Research Portfolio — AI for Accessibility

Beyond Visual Defaults.

Creativity is a fundamental expression of human agency, yet our digital tools remain strictly visual. I build AI systems that decouple creativity from sight—transforming accessibility from a compliance checkbox into a blueprint for Multimodal, Verifiable, and Customizable Human-AI collaboration.

When we solve for non-visual authoring, we solve the interface for the future of AI agents.

The Bigger Picture

Accessibility Research as the Blueprint for Agent Design

Accessibility is not an edge case study—it is a stress test for trustworthy Human-AI interaction. My research posits that "blindness"—the inability to visually verify complex system outputs—is no longer just a disability context; it is the default state for all humans interacting with complex AI Agents.

1 The Safety & Trust Angle

The Risk Amplifier

Blind users are the "canaries in the coal mine" for AI. They represent users whose vulnerability is infinite if an agent hallucinates. Sighted users might catch a visual error in a glance; blind users cannot.

The Value: Solving "execution verification" for blind users is the only way to build truly high-trust Agents for any user in high-stakes scenarios.

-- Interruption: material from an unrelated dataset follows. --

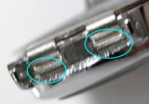 この爪の先の部分をドライバーで、起こせば簡単に開きます。
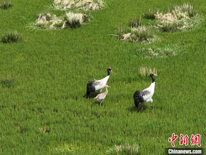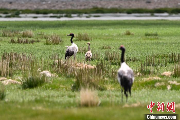 7月10日,在海拔4700米的西藏自治區(qū)那曲市申扎縣濕地里,黑頸鶴一家在悠閑覓食。中新社記者 貢嘎來松 攝

2 The Generalization Angle

Universal "Blindness" under Load

As agents begin executing thousands of lines of code changes, visual verification fails for everyone. No human can audit every pixel or line of code in real-time. Sighted users are becoming "cognitively blind" to the scale of AI output.

The Value: The non-visual, semantic interaction paradigms I build for accessibility are the solution to the information overload facing general consumers.

3 The AI-Native Angle

Agents are "Digital-Natives" (and Digitally Blind)

If we treat AI Agents as first-class citizens, we realize they perceive the world like screen readers do: via DOM trees, APIs, and structured representations, not pixels.

The Value: My work in translating visual layouts into new semantic representations for accessibility is essentially designing the optimal native language for Agents. Empowering blind users to control systems directly maps to helping Agents better understand and co-create with humans.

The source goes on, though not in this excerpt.